- Dataset excerpts
↓
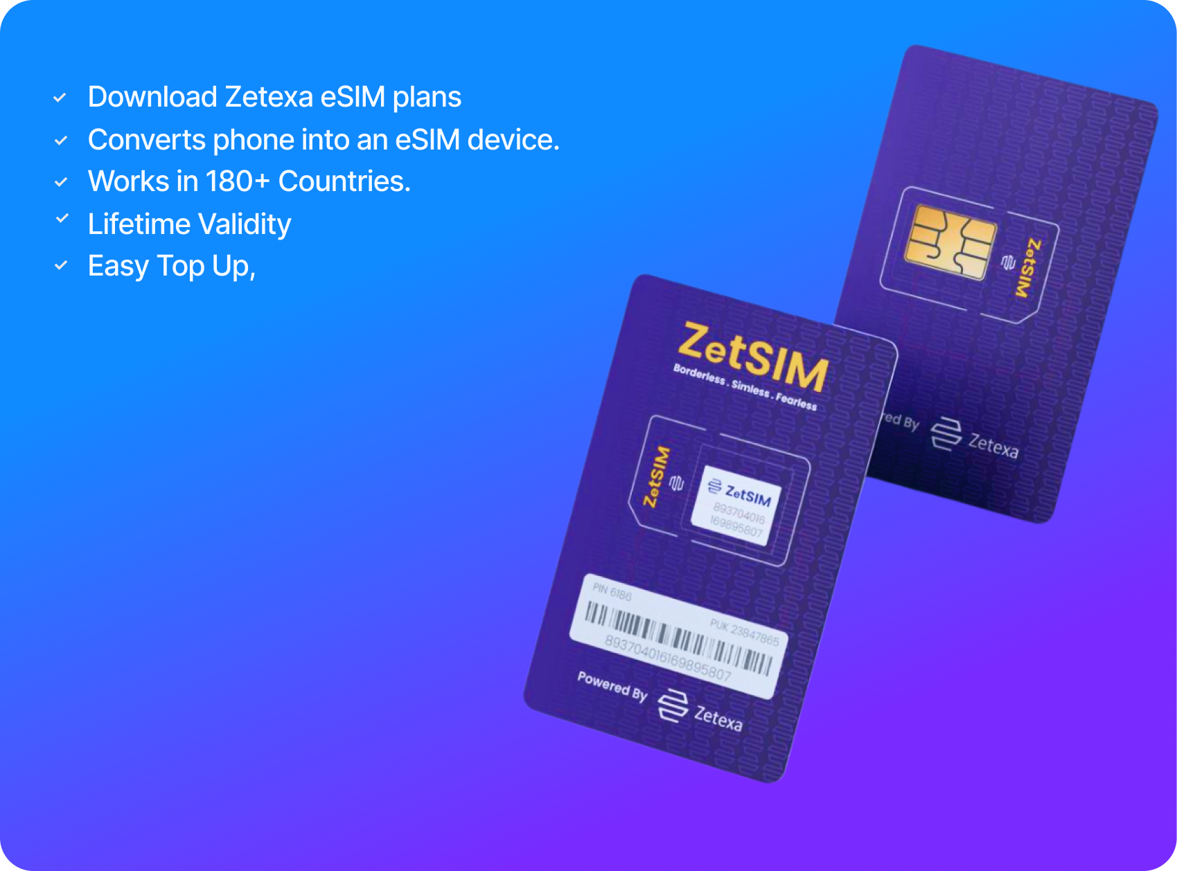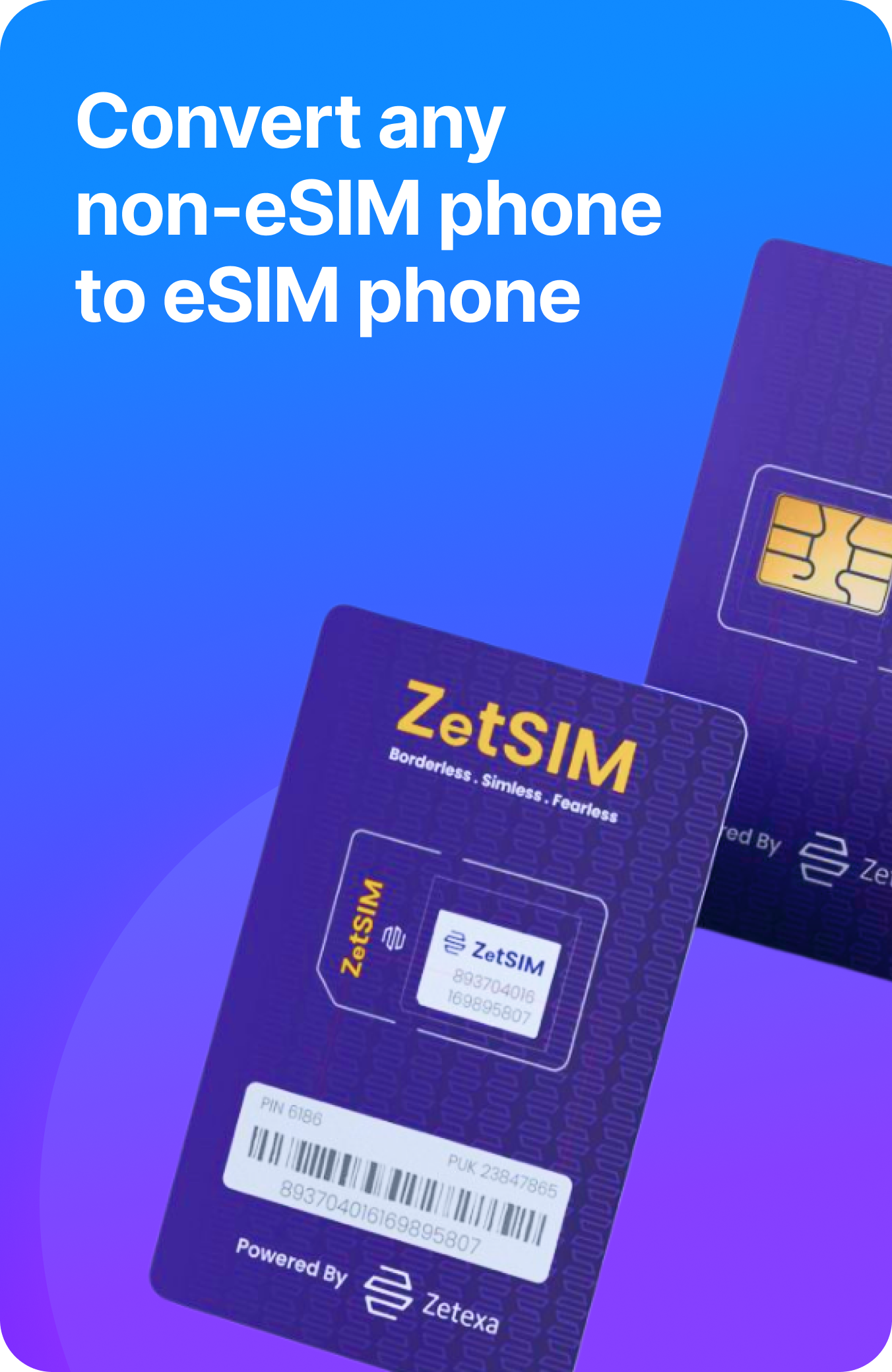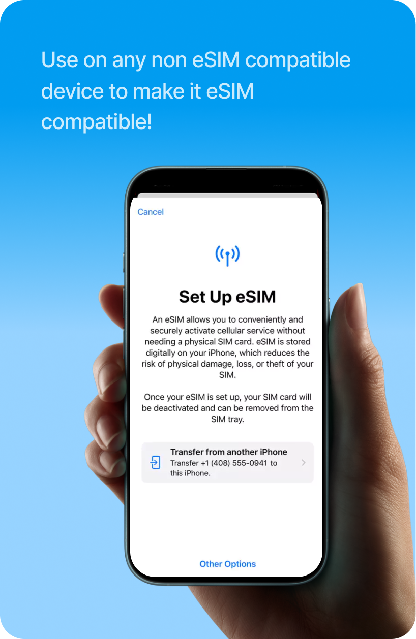 Our magic SIM helps you use eSIM on any non-eSIM phone, by converting it into an eSIM-enabled device. Easily download Zetexa eSIM plans, enjoy seamless connectivity across 180+ countries, with lifetime validity and simple top-ups.
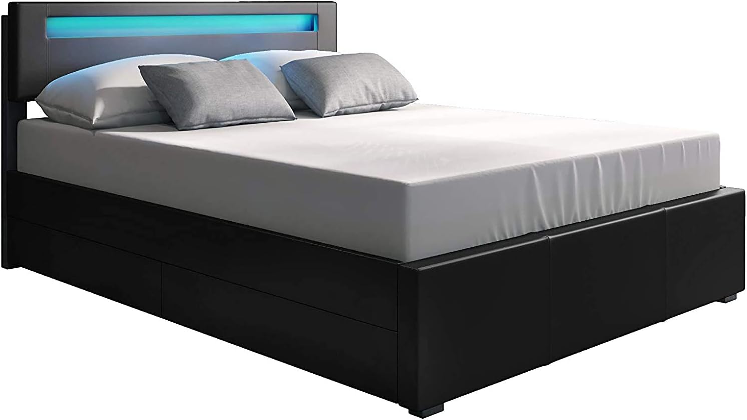 Jovenko Upholstered Led Storage Platform Bed Queen : Novogratz Kelly Upholstered Storage Platform Bed - Queen ... - Shop for upholstered platform bed queen online at target.. Cooc home furniture fabric simple designs full size wooden bed frame upholstered queen double size platform bedroom bed r06. Allewie queen platform bed frame with 4 drawers and headboard/diamond stitched button tufted upholstered mattress foundation with storage, dark grey. Spain made ultra modern platform bed w led headboard. Lift up storage platform bed. Constructed of faux leather, polyurethane foam and wood, this bed comes with slats and does not need for bunk board or box spring.
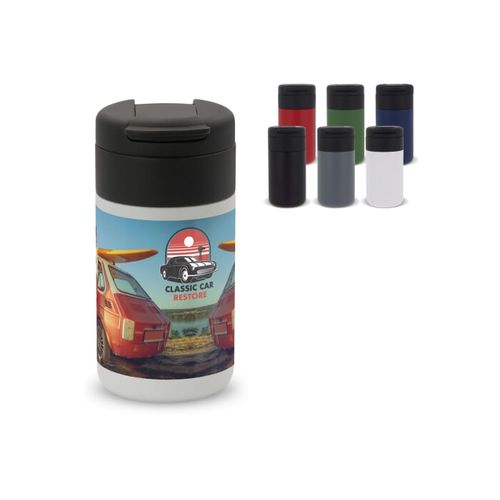 Mug isotherme double paroi sous vide de la série 'Flow'. Le mug avec couvercle rabattable est 100% étanche et facile à transporter. Les parois intérieures et extérieures sont en acier inoxydable haute qualité. Cela maintient la boisson à la température souhaitée plus longtemps. Les boissons resteront chaudes jusqu'à 12 heures et/ou froides jusqu'à 24 heures.Matières :Acier inoxydable, PP
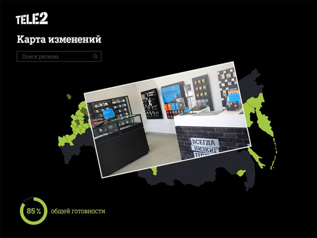 Tele2 требовалось осуществить смену рекламных материалов в салонах связи по всей России. Помимо работы по смене стиля, сотрудникам нужно было отчитаться о проделанной работе. И все это нужно было сделать за 1 ночь.
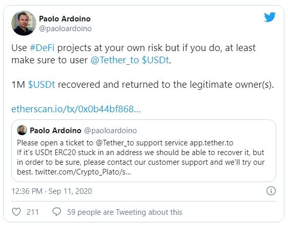 Sin embargo, algunos observadores de la industria de las criptomonedas están preocupados por la creciente importancia de Tether en DeFi. Tether demostró recientemente su control sobre USDT luego de la transferencia accidental de un millón de sus tokens vinculados al dólar por parte de un usuario de DeFi.
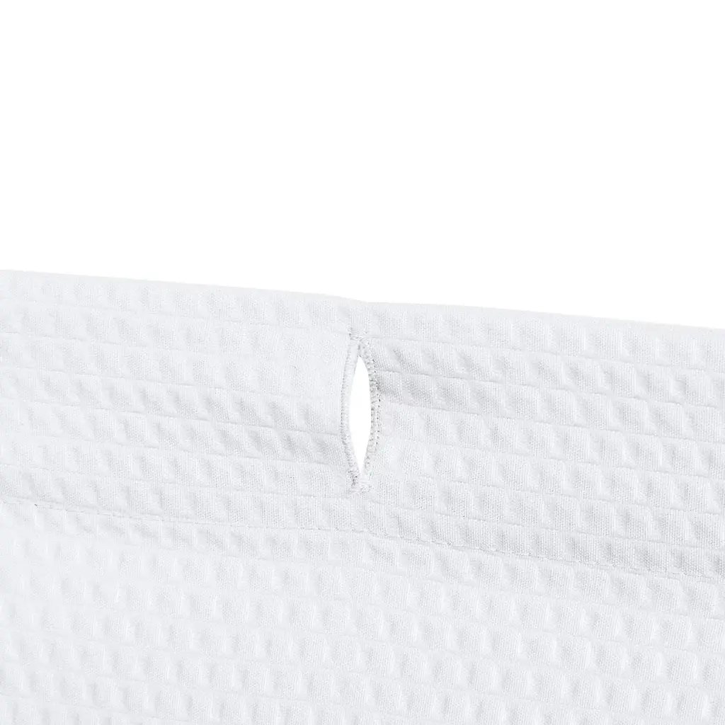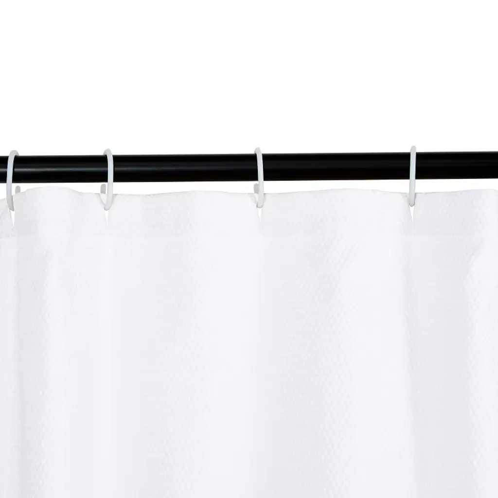 Crafted from 100% polyester, this shower curtain fabric brings durability and elegance together, making it ideal for dorm shower curtain setups or a stylish bathroom shower curtain for your living space. Designed with a textural waffle shower curtain pattern, it adds an understated, polished look to your bathroom, creating a refined ambience. Simple installation is ensured with the built-in ring holes, although the curtain rings are not included. To maintain its pristine appearance, use with an interior shower curtain liner, which is not included.
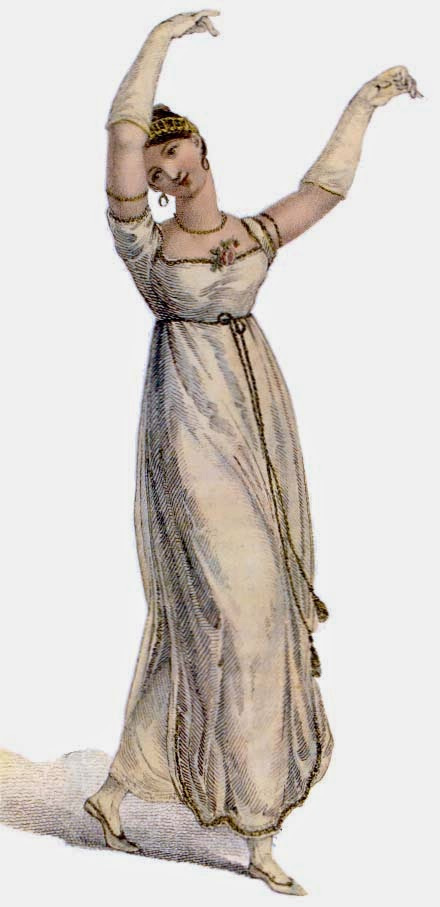 Primeramente, los vestidos eran bastante simples, con la cintura alta, mangas cortas o largas bien ajustadas, de pocas capas de tela, y bastante largos. Se buscaba la comodidad, por lo cual los vestidos eran elaborados de una tela muy delicada llamada muselina.
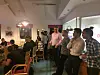 En oplægsholder fortalte de mange fremmødte om den særlige antiautoritære politiske kultur i USA, og der var live video-samtale med en repræsentant fra USA-Demokraternes kampagnekontor i Philadelphia.
↑
- WHAT IS REQUIRED
All of the entries above need to be transcribed exactly, except for the pictures.

- TASK OUTPUT
 Our magic SIM helps you use eSIM on any non-eSIM phone, by converting it into an eSIM-enabled device. Easily download Zetexa eSIM plans, enjoy seamless connectivity across 180+ countries, with lifetime validity and simple top-ups.
 Jovenko Upholstered Led Storage Platform Bed Queen : Novogratz Kelly Upholstered Storage Platform Bed - Queen ... - Shop for upholstered platform bed queen online at target.. Cooc home furniture fabric simple designs full size wooden bed frame upholstered queen double size platform bedroom bed r06. Allewie queen platform bed frame with 4 drawers and headboard/diamond stitched button tufted upholstered mattress foundation with storage, dark grey. Spain made ultra modern platform bed w led headboard. Lift up storage platform bed. Constructed of faux leather, polyurethane foam and wood, this bed comes with slats and does not need for bunk board or box spring.
 Mug isotherme double paroi sous vide de la série 'Flow'. Le mug avec couvercle rabattable est 100% étanche et facile à transporter. Les parois intérieures et extérieures sont en acier inoxydable haute qualité. Cela maintient la boisson à la température souhaitée plus longtemps. Les boissons resteront chaudes jusqu'à 12 heures et/ou froides jusqu'à 24 heures.Matières :Acier inoxydable, PP
 Tele2 требовалось осуществить смену рекламных материалов в салонах связи по всей России. Помимо работы по смене стиля, сотрудникам нужно было отчитаться о проделанной работе. И все это нужно было сделать за 1 ночь.
 Sin embargo, algunos observadores de la industria de las criptomonedas están preocupados por la creciente importancia de Tether en DeFi. Tether demostró recientemente su control sobre USDT luego de la transferencia accidental de un millón de sus tokens vinculados al dólar por parte de un usuario de DeFi.
 Crafted from 100% polyester, this shower curtain fabric brings durability and elegance together, making it ideal for dorm shower curtain setups or a stylish bathroom shower curtain for your living space. Designed with a textural waffle shower curtain pattern, it adds an understated, polished look to your bathroom, creating a refined ambience. Simple installation is ensured with the built-in ring holes, although the curtain rings are not included. To maintain its pristine appearance, use with an interior shower curtain liner, which is not included.
 Primeramente, los vestidos eran bastante simples, con la cintura alta, mangas cortas o largas bien ajustadas, de pocas capas de tela, y bastante largos. Se buscaba la comodidad, por lo cual los vestidos eran elaborados de una tela muy delicada llamada muselina.
 En oplægsholder fortalte de mange fremmødte om den særlige antiautoritære politiske kultur i USA, og der var live video-samtale med en repræsentant fra USA-Demokraternes kampagnekontor i Philadelphia.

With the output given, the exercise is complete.